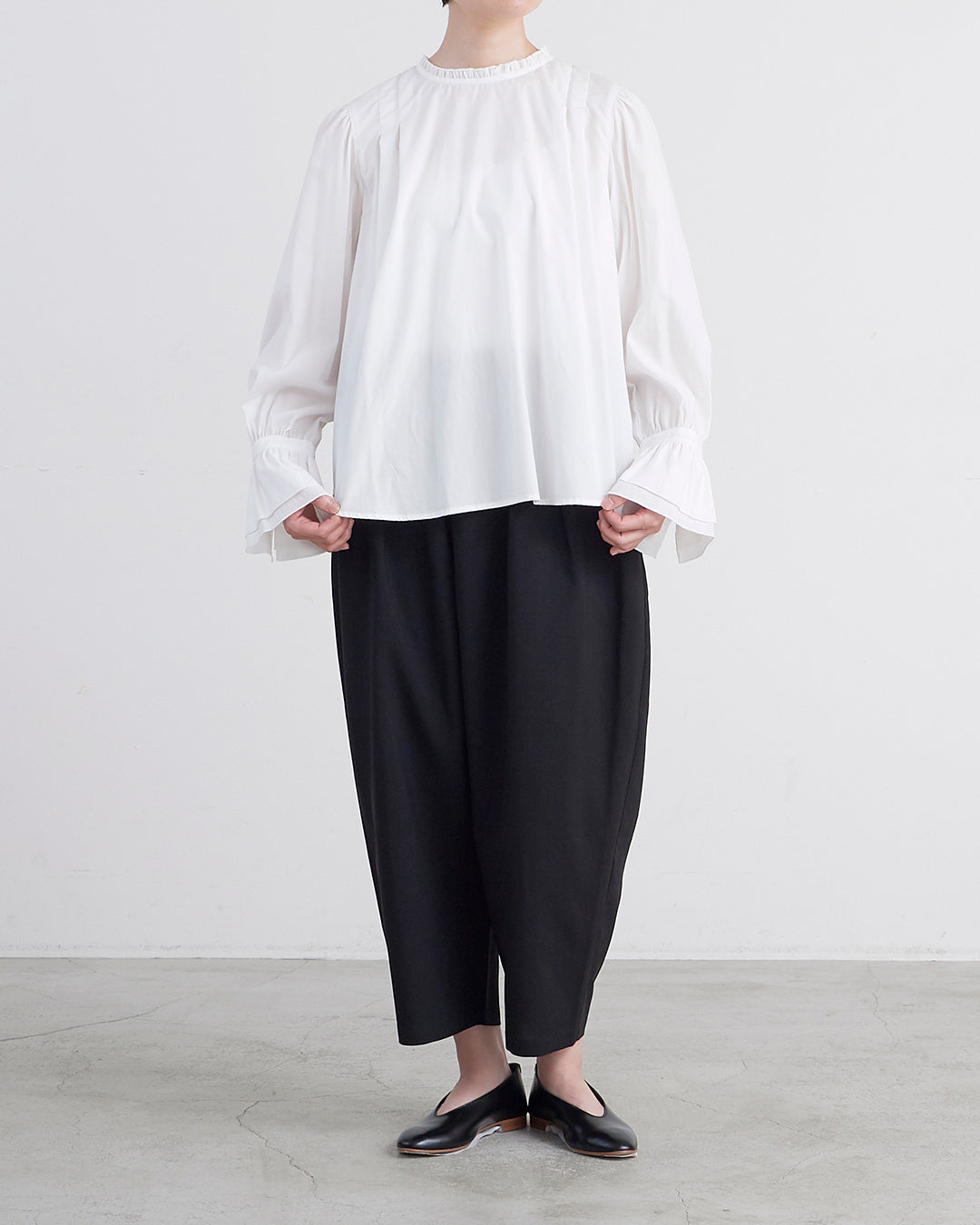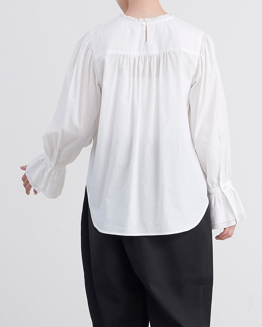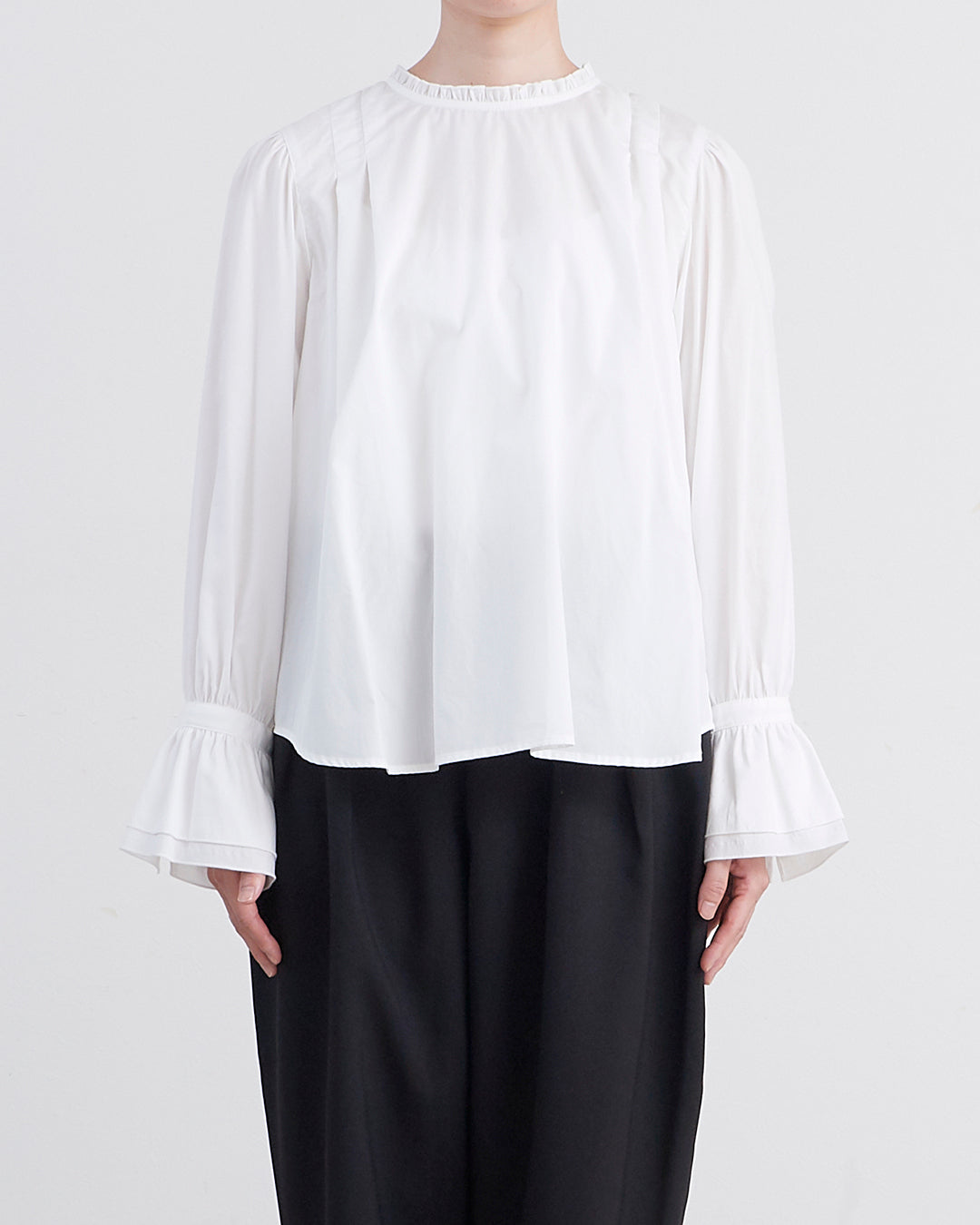 [un cinq アンサンク] #26-18 Cotton 100/2 Broad Frill Pullover コットン 100/2 ブロード スタンドネック プルオーバー - U26-18 -
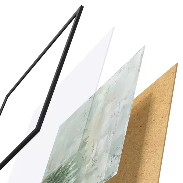Das Poster besteht aus einem Rahmen, Plexiglas, einem gedruckten Bild und einer Rückwand aus Spanplatten. Dank der Halterungen auf der Rückseite kann das Poster sofort an die Wand gehängt werden.
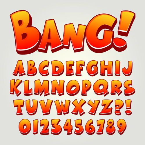 Name: Cartoon bang alphabet with numbers vector
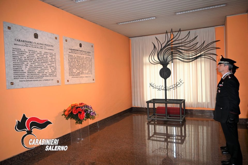 Nella mattinata odierna, presso il Comando Provinciale Carabinieri di Salerno si è svolta in forma solenne la prima parte della cerimonia, con prosieguo a Pontecagnano Faiano, di commemorazione dei Carabinieri Claudio PEZZUTO e Fortunato ARENA, Medaglie d’Oro al Valor Militare, alla memoria, brutalmente assassinati il 12 febbraio 1992, in piazza Giuseppe Garibaldi di Pontecagnano Faiano, nel corso di un conflitto a fuoco con due criminali. Nella circostanza, il Comandante Provinciale, Col. Filippo MELCHIORRE, ha deposto un omaggio floreale ai piedi delle lapidi marmoree poste all’ingresso della caserma intitolata alla memoria dei due Carabinieri caduti nell’adempimento del dovere.
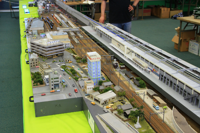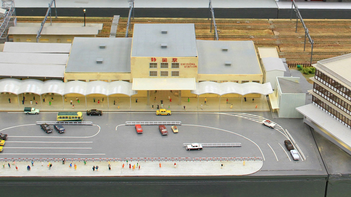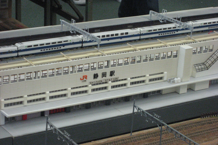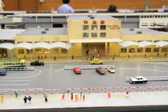 旧静岡駅付近のジオラマです。右斜め上新幹線静岡駅はお客様に見えるよう逆に置いてあります。
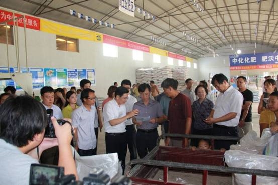 中化化肥作為國家農(nóng)業(yè)部測土配肥農(nóng)企對接的重點(diǎn)企業(yè),積極推動測土 配方活動。2012年,河南分公司成立中化化肥溫縣農(nóng)業(yè)科技示范中心,引進(jìn)先進(jìn)的大型智能配肥機(jī),形成個性配方生成、肥料配制、混合、包裝為一體的綜合配 肥工作站。通過為農(nóng)民免費(fèi)提供測土配方服務(wù),輔助農(nóng)化講座、集市宣傳、示范田建設(shè)等宣傳活動,使農(nóng)戶認(rèn)可并接受測土配方,解決配方肥下地的最后一公里問 題?;顒拥拈_展引起農(nóng)業(yè)部高度重視,農(nóng)業(yè)部種植管理司副司長胡元坤親自參觀考察示范中心,了解經(jīng)營模式和測土配肥工作的開展情況。
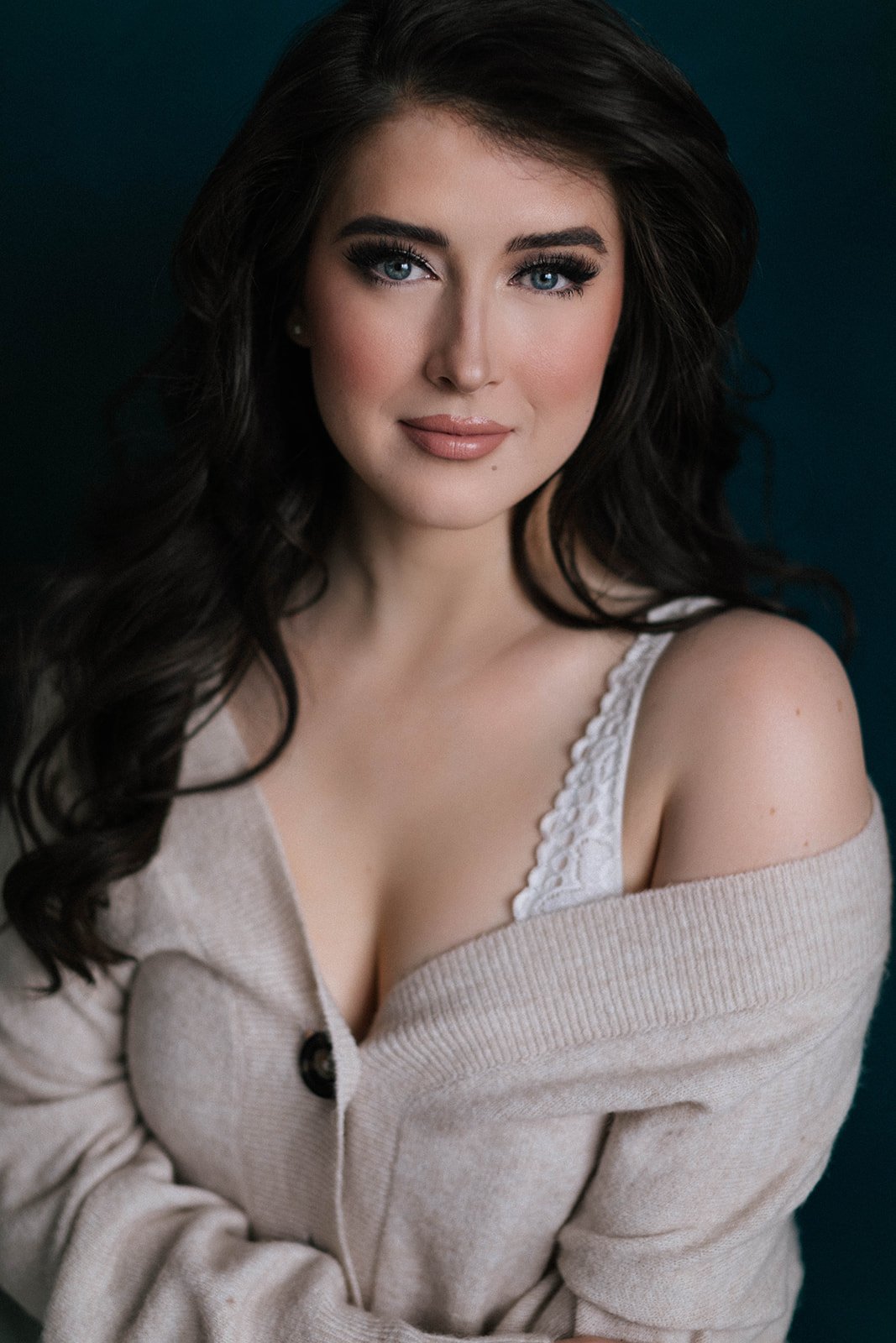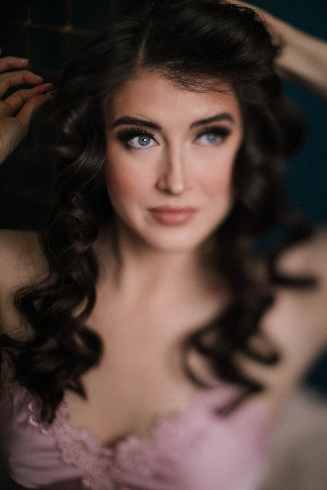 Soft glam makeup, focusing on accentuating her gorgeous blue eyes, luminous skin and a soft feminine pink for the cheeks and lips
----
▸ About this task
The reply has to reproduce every line above verbatim and contain no pictures.

▸ Task result
 [un cinq アンサンク] #26-18 Cotton 100/2 Broad Frill Pullover コットン 100/2 ブロード スタンドネック プルオーバー - U26-18 -
Das Poster besteht aus einem Rahmen, Plexiglas, einem gedruckten Bild und einer Rückwand aus Spanplatten. Dank der Halterungen auf der Rückseite kann das Poster sofort an die Wand gehängt werden.
 Name: Cartoon bang alphabet with numbers vector
 Nella mattinata odierna, presso il Comando Provinciale Carabinieri di Salerno si è svolta in forma solenne la prima parte della cerimonia, con prosieguo a Pontecagnano Faiano, di commemorazione dei Carabinieri Claudio PEZZUTO e Fortunato ARENA, Medaglie d’Oro al Valor Militare, alla memoria, brutalmente assassinati il 12 febbraio 1992, in piazza Giuseppe Garibaldi di Pontecagnano Faiano, nel corso di un conflitto a fuoco con due criminali. Nella circostanza, il Comandante Provinciale, Col. Filippo MELCHIORRE, ha deposto un omaggio floreale ai piedi delle lapidi marmoree poste all’ingresso della caserma intitolata alla memoria dei due Carabinieri caduti nell’adempimento del dovere.
 旧静岡駅付近のジオラマです。右斜め上新幹線静岡駅はお客様に見えるよう逆に置いてあります。
 中化化肥作為國家農(nóng)業(yè)部測土配肥農(nóng)企對接的重點(diǎn)企業(yè),積極推動測土 配方活動。2012年,河南分公司成立中化化肥溫縣農(nóng)業(yè)科技示范中心,引進(jìn)先進(jìn)的大型智能配肥機(jī),形成個性配方生成、肥料配制、混合、包裝為一體的綜合配 肥工作站。通過為農(nóng)民免費(fèi)提供測土配方服務(wù),輔助農(nóng)化講座、集市宣傳、示范田建設(shè)等宣傳活動,使農(nóng)戶認(rèn)可并接受測土配方,解決配方肥下地的最后一公里問 題?;顒拥拈_展引起農(nóng)業(yè)部高度重視,農(nóng)業(yè)部種植管理司副司長胡元坤親自參觀考察示范中心,了解經(jīng)營模式和測土配肥工作的開展情況。
 Soft glam makeup, focusing on accentuating her gorgeous blue eyes, luminous skin and a soft feminine pink for the cheeks and lips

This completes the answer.